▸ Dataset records

★ ★ ★ ★ ★

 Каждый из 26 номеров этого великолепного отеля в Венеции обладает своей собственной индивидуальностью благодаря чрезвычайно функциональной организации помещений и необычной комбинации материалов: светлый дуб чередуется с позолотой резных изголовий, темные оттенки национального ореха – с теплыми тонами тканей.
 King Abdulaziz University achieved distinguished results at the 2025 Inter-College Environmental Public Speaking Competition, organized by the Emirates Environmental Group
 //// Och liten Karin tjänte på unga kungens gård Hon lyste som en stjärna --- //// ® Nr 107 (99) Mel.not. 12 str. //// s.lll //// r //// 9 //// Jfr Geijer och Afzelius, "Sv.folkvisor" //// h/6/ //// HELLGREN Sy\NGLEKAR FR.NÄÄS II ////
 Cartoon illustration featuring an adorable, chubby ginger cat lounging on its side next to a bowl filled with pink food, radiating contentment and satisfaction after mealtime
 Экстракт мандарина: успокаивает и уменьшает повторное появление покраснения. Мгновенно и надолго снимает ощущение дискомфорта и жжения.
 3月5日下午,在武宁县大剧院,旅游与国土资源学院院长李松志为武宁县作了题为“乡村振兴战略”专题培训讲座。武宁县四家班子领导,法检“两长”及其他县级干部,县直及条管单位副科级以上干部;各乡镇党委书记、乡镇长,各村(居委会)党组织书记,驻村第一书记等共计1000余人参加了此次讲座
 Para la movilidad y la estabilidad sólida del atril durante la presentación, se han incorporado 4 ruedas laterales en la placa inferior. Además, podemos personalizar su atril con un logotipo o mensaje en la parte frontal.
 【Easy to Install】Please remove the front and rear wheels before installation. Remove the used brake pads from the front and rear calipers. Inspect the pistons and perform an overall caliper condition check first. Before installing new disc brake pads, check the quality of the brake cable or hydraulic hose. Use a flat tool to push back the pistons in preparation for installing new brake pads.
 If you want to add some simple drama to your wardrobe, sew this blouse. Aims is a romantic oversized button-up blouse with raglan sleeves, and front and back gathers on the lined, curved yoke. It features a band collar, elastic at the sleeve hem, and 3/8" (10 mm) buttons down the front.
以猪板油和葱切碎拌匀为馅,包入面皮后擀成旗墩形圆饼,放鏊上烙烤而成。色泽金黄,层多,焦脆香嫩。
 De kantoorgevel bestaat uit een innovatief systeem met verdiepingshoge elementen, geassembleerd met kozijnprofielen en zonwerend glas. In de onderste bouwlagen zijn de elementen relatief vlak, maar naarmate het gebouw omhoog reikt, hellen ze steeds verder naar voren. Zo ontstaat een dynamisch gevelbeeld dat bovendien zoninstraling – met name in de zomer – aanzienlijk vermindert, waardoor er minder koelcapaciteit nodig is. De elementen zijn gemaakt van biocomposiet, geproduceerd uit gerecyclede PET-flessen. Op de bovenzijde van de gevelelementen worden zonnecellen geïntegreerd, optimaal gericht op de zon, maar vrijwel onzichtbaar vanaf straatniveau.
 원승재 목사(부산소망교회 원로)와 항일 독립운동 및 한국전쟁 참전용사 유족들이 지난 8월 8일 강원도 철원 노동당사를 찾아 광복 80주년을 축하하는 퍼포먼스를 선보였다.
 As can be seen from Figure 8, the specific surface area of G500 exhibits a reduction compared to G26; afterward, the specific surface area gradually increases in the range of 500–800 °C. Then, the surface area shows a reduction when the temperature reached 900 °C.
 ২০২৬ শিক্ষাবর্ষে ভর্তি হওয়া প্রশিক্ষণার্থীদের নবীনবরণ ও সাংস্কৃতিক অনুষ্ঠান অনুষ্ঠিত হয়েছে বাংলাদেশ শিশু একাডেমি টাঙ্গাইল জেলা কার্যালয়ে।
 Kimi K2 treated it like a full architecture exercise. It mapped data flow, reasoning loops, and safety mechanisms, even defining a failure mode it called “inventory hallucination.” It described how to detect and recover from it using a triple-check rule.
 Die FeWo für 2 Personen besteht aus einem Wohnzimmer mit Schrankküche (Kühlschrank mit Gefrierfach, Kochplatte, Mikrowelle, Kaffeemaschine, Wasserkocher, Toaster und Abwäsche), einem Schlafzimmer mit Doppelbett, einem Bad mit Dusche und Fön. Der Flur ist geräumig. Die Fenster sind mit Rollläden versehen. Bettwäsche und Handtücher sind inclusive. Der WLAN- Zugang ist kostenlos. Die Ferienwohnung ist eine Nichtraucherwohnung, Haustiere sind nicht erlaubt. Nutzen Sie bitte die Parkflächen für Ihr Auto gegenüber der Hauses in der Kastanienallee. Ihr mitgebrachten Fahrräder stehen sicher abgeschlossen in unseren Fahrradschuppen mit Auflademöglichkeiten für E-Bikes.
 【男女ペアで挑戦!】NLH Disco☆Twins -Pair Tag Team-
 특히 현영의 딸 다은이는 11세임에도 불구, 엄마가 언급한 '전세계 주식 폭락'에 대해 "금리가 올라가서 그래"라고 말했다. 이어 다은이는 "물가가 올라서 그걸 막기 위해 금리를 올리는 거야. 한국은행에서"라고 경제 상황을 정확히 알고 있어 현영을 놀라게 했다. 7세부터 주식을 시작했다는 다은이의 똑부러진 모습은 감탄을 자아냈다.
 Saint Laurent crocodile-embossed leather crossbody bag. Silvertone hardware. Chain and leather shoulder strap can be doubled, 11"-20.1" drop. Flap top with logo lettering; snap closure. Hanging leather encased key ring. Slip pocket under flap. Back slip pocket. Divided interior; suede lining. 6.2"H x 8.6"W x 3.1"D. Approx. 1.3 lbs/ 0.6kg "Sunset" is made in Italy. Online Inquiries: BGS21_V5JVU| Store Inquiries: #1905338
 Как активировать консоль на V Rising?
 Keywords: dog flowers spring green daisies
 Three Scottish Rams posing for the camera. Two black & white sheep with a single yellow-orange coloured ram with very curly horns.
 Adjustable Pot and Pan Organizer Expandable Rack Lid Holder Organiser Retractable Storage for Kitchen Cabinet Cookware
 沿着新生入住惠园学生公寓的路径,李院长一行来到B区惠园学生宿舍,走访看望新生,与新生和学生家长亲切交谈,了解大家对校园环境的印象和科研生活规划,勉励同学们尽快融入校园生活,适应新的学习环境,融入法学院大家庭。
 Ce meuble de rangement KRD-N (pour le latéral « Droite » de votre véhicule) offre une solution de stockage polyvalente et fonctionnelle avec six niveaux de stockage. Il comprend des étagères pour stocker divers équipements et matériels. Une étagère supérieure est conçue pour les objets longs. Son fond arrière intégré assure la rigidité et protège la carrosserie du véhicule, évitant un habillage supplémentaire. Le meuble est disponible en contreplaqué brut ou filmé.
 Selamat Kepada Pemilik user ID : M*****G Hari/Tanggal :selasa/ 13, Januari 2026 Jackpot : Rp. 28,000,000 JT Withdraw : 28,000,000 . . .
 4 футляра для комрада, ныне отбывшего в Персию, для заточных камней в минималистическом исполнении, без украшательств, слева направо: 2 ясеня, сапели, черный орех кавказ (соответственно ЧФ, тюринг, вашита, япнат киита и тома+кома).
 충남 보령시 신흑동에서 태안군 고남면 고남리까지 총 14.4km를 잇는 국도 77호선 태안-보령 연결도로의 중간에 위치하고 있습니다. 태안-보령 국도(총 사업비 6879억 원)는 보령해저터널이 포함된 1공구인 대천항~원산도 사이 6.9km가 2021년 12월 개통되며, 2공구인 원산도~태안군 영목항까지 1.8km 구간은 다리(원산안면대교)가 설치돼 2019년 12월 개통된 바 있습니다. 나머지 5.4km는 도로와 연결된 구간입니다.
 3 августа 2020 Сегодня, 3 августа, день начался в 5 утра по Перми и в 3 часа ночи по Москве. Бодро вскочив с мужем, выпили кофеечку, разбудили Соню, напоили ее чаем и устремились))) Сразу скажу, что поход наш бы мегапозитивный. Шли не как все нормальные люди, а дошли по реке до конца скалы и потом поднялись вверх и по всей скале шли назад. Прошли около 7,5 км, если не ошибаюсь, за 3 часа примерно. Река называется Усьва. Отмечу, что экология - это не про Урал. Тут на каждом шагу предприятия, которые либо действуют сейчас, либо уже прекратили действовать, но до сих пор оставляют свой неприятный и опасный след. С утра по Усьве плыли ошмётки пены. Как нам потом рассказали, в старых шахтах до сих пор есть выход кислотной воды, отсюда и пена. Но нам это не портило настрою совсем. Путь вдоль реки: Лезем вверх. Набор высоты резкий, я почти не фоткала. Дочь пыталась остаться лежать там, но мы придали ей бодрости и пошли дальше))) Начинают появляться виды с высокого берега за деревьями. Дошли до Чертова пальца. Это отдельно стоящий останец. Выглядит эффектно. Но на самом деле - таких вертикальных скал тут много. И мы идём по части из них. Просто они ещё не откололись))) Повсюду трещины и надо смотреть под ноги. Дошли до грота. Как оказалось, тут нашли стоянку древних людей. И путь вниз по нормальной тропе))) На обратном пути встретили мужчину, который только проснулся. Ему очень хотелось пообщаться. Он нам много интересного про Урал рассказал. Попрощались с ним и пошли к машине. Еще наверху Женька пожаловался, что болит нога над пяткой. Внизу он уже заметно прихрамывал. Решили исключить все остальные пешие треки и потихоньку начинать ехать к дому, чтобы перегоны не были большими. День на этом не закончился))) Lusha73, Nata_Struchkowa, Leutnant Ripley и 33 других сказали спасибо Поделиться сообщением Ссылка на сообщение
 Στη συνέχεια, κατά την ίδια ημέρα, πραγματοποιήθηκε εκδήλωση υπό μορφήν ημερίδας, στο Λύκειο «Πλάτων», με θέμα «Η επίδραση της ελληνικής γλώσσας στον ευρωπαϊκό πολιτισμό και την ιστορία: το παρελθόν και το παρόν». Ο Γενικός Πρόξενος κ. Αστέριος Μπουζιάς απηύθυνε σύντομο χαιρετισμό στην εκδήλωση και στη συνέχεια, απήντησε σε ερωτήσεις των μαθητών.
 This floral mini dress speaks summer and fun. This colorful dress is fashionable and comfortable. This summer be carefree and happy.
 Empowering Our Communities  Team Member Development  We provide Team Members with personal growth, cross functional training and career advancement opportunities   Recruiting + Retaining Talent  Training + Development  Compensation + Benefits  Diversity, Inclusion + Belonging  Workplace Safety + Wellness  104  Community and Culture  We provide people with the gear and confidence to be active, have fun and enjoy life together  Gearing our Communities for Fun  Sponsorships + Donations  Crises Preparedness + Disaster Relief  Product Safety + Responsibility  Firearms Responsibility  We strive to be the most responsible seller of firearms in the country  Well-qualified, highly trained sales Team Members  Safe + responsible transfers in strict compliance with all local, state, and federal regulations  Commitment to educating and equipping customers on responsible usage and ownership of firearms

★ ★ ★ ★ ★

▸ WORK TASK
Give back exactly the lines above, from the line containing "As can be seen" through the line containing "Die FeWo für", with both end lines and nothing more.

▸ EXERCISE RESPONSE
 As can be seen from Figure 8, the specific surface area of G500 exhibits a reduction compared to G26; afterward, the specific surface area gradually increases in the range of 500–800 °C. Then, the surface area shows a reduction when the temperature reached 900 °C.
 ২০২৬ শিক্ষাবর্ষে ভর্তি হওয়া প্রশিক্ষণার্থীদের নবীনবরণ ও সাংস্কৃতিক অনুষ্ঠান অনুষ্ঠিত হয়েছে বাংলাদেশ শিশু একাডেমি টাঙ্গাইল জেলা কার্যালয়ে।
 Kimi K2 treated it like a full architecture exercise. It mapped data flow, reasoning loops, and safety mechanisms, even defining a failure mode it called “inventory hallucination.” It described how to detect and recover from it using a triple-check rule.
 Die FeWo für 2 Personen besteht aus einem Wohnzimmer mit Schrankküche (Kühlschrank mit Gefrierfach, Kochplatte, Mikrowelle, Kaffeemaschine, Wasserkocher, Toaster und Abwäsche), einem Schlafzimmer mit Doppelbett, einem Bad mit Dusche und Fön. Der Flur ist geräumig. Die Fenster sind mit Rollläden versehen. Bettwäsche und Handtücher sind inclusive. Der WLAN- Zugang ist kostenlos. Die Ferienwohnung ist eine Nichtraucherwohnung, Haustiere sind nicht erlaubt. Nutzen Sie bitte die Parkflächen für Ihr Auto gegenüber der Hauses in der Kastanienallee. Ihr mitgebrachten Fahrräder stehen sicher abgeschlossen in unseren Fahrradschuppen mit Auflademöglichkeiten für E-Bikes.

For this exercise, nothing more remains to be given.